President National Defence University, Islamabad
- In office 25 November 2023 – 22 December 2024
- Preceded by: Lt General Rahat Naseem
- Succeeded by: Lt General Babar Iftikhar

Corps Commander XII Corps
- In office 4 August 2022 – 24 November 2023
- Preceded by: Sarfraz Ali
- Succeeded by: Rahat Naseem

Inspector General Communication & Information Technology
- In office 28 November 2020 – 2 August 2022

General Officer Commanding 40th Infantry Division, Okara
- In office 31 January 2020 – 28 November 2020

20th Director-General of the ISPR
- In office 15 December 2016 – 31 January 2020
- President: Mamnoon Hussain Arif Alvi
- Prime Minister: Nawaz Sharif Shahid Khaqan Abbasi Imran Khan
- Preceded by: Asim Saleem Bajwa
- Succeeded by: Babar Iftikhar

General Officer Commanding 21st Artillery Division, Swat
- In office February 2016 – 15 December 2016

Personal details
- Alma mater: Pakistan Military Academy, Command & Staff College Quetta, Command & Staff College Bandung (Indonesia), National Defence University, Islamabad
- Awards: Hilal-e-Imtiaz (Military)

Military service
- Allegiance: Pakistan
- Branch/service: Pakistan Army
- Years of service: 1988–2024
- Rank: Lieutenant General
- Unit: 87 SP
- Commands: 21 Artillery Division Director General ISPR 40 Infantry Division IG Communication and Information Technology Commander XII Corps President National Defence University
- Battles/wars: Kargil War; War in North-West Pakistan Operation Sherdil; Operation Zarb-e-Azb; Operation Radd-ul-Fasaad; ; Insurgency in Balochistan; 2019 India–Pakistan border skirmishes;
- Nick Name: AG

= Asif Ghafoor =

20th Director-General of the Inter-Services Public Relations (Pakistan)

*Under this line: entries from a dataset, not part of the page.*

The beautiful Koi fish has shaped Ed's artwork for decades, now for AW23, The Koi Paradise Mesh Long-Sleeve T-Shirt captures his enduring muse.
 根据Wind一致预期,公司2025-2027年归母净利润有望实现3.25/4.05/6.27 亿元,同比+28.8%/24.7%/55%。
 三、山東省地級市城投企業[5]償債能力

Asif Ghafoor HI(M) (Urdu: آصِف غفور ) is a retired three-star ranking general in the Pakistani Army, who most recently served as the president of the National Defence University uptill 2024. Previously, Ghafoor served as the Corps Commander Quetta and the 20th director general of the Inter-Services Public Relations (ISPR).

== Education ==
Asif Ghafoor is a graduate of the Command & Staff College in Quetta, Command & Staff College Bandung in Indonesia and the National Defence University in Islamabad. He holds a master's degree in Strategic Studies.

== Military life ==
He was commissioned on 9 September 1988 in the 87 SP Medium Regiment Artillery from PMA Kakul. He had participated in the Kargil War as a Major, operations against terrorists in tribal areas of FATA and Swat during 2008–10 as a Lieutenant Colonel in Operation Sherdil and has commanded a Division at Swat, Malakand in 2016 as a Major General. Asif has also served as Director Military Operations at Army Headquarters GHQ as a Brigadier commanded Divisional Artillery deployed along the Line of Control and infantry brigade along eastern border. He has been on faculty of Command and Staff College Quetta.

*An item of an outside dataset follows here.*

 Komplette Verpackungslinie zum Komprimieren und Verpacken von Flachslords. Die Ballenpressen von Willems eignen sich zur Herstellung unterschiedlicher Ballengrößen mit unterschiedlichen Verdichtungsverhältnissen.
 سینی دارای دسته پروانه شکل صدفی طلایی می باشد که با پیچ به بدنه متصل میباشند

The General has served on various staff, instructional and command assignments including Brigade Major Infantry Brigade, Assistant Military Secretary MS Branch, GSO-I Military Operations Directorate, GHQ, Director Military Operations in Military Operations Directorate, GHQ. He has been on the faculty of Command and Staff College, Quetta. He has commanded his parent unit in Operation al-Mizan, Artillery Brigade on Line of Control, Infantry Brigade on Eastern Border and a Division at Swat, Malakand. The General is recipient of COAS Commendation Card for operations in Bajaur during 2008 and Hilal-i-Imtiaz (Military).

In December 2016, Ghafoor was appointed as the Director-General of the ISPR. While serving as DG ISPR, he faced criticism for maintaining a personal Twitter account and engaging in disputes with journalists and individuals who criticized Pakistan's military.

In January 2020, Gen. Ghafoor was appointed as the General Officer Commanding 40 Division in Okara. On 25 November 2020, he was promoted to the rank of Lieutenant General and appointed as Inspector General Communications and Information Technology till August 2022. In August 2022, Asif Ghafoor was appointed Quetta Corps Commander after the death of Lt General Sarfraz Ali in an air crash and continued to held command till November 2023.

He was appointed as the President National Defence University Islamabad in November 2023 and continued to serve in the capacity till his retirement in late December 2024.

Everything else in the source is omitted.